Seeing where this was going, I said, “I had work. I wouldn’t’ve been able to come.”
She shook her head, dry blond and gray, a shivering haystack. “I’m not going to ask when was the last time you went.”
“Okay.”
“Do you know when was it?”
“You just said you’re not going to ask.”
“More than two years,” she said.
“There you go,” I said. “You answered your own question.”
“I thought maybe you didn’t realize how long it’s been.”
Keeping my voice even required a supreme effort. “How’s he doing?”
“The same.”
“Did he ask you for commissary money?”
“They feed them like slaves, Clay. He lives on ramen. It’s the only way for him not to starve to death.”
“Ramen is currency, there. You know that, right? He trades it for drugs.”
“Stop.”
“Did he look well nourished to you?”
She spread tight, pale hands. “I don’t want to hear it, please.”
In the kitchen, the dishwasher gurgled to life.
“He has a girlfriend,” my mother said.
It took me a second to process. “Luke?”
“She started writing to him.

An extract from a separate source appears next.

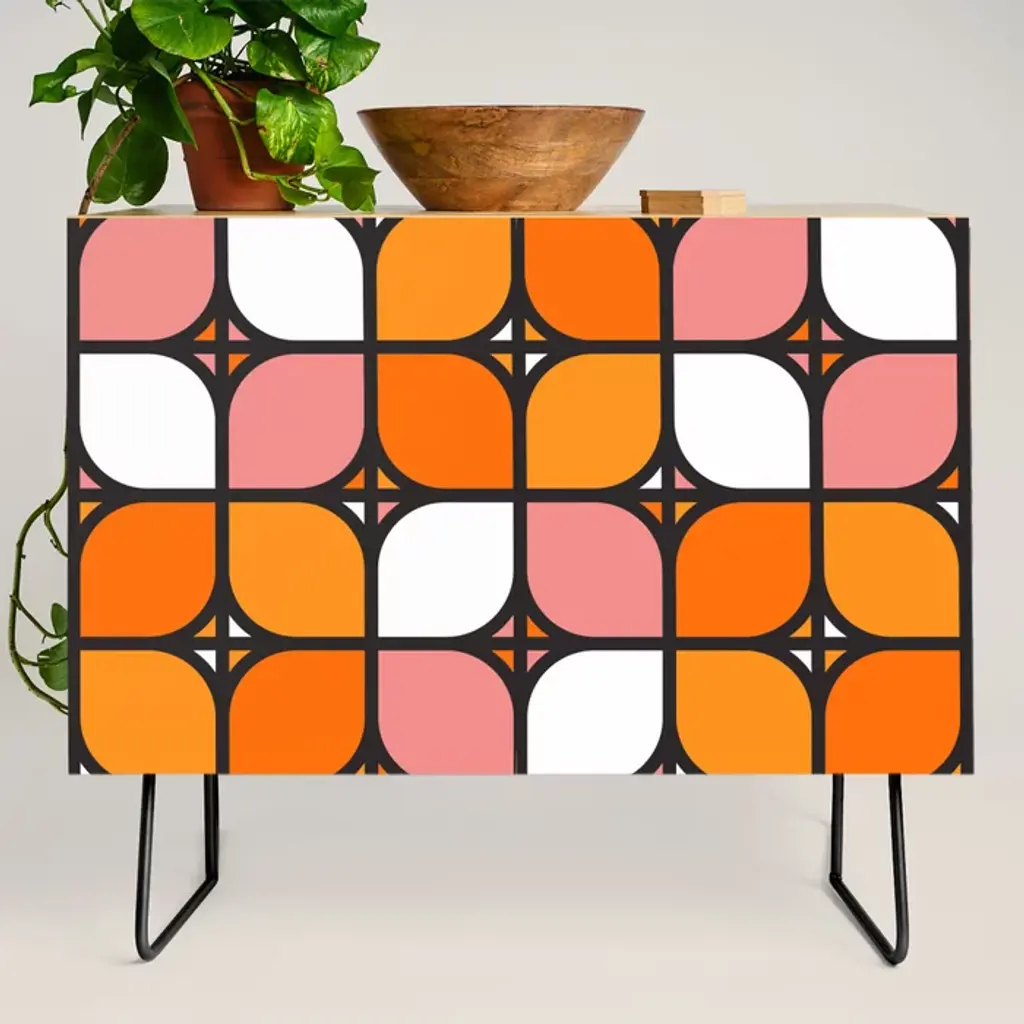 Mid Century Modern Orange Square Credenza

Her name is Andrea. He showed me her picture. She lives in Salinas.”
“Pen pal, huh.”
“She’s been to see him,” my mother said. “Twice.”
I resented the implicit comparison. “And we’re sure this isn’t some sort of scam?”
“I don’t see what she could possibly expect to get out of him,” she said.
“I’m trying to figure out why a woman would write to him out of nowhere.”
“People are lonely,” she said. “He’s lonely. It makes him happy.”
“Good for him.”
She tilted her head. “Why are you so angry at him?”
I said, “Why aren’t you?”
She clasped her hands, as if in prayer. “He’s going to get out, you know.”
“I’m aware.”
“And? What’s going to happen then? Because soon — let me finish, please. Sooner than you realize, he’ll get out, and you won’t have been to visit him. You’ll both know it. That’s going to be hanging between the two of you.”
I brushed at crumbs on the tablecloth.
“He’s still your brother,” she said. “That’s never going away.”
That was the problem.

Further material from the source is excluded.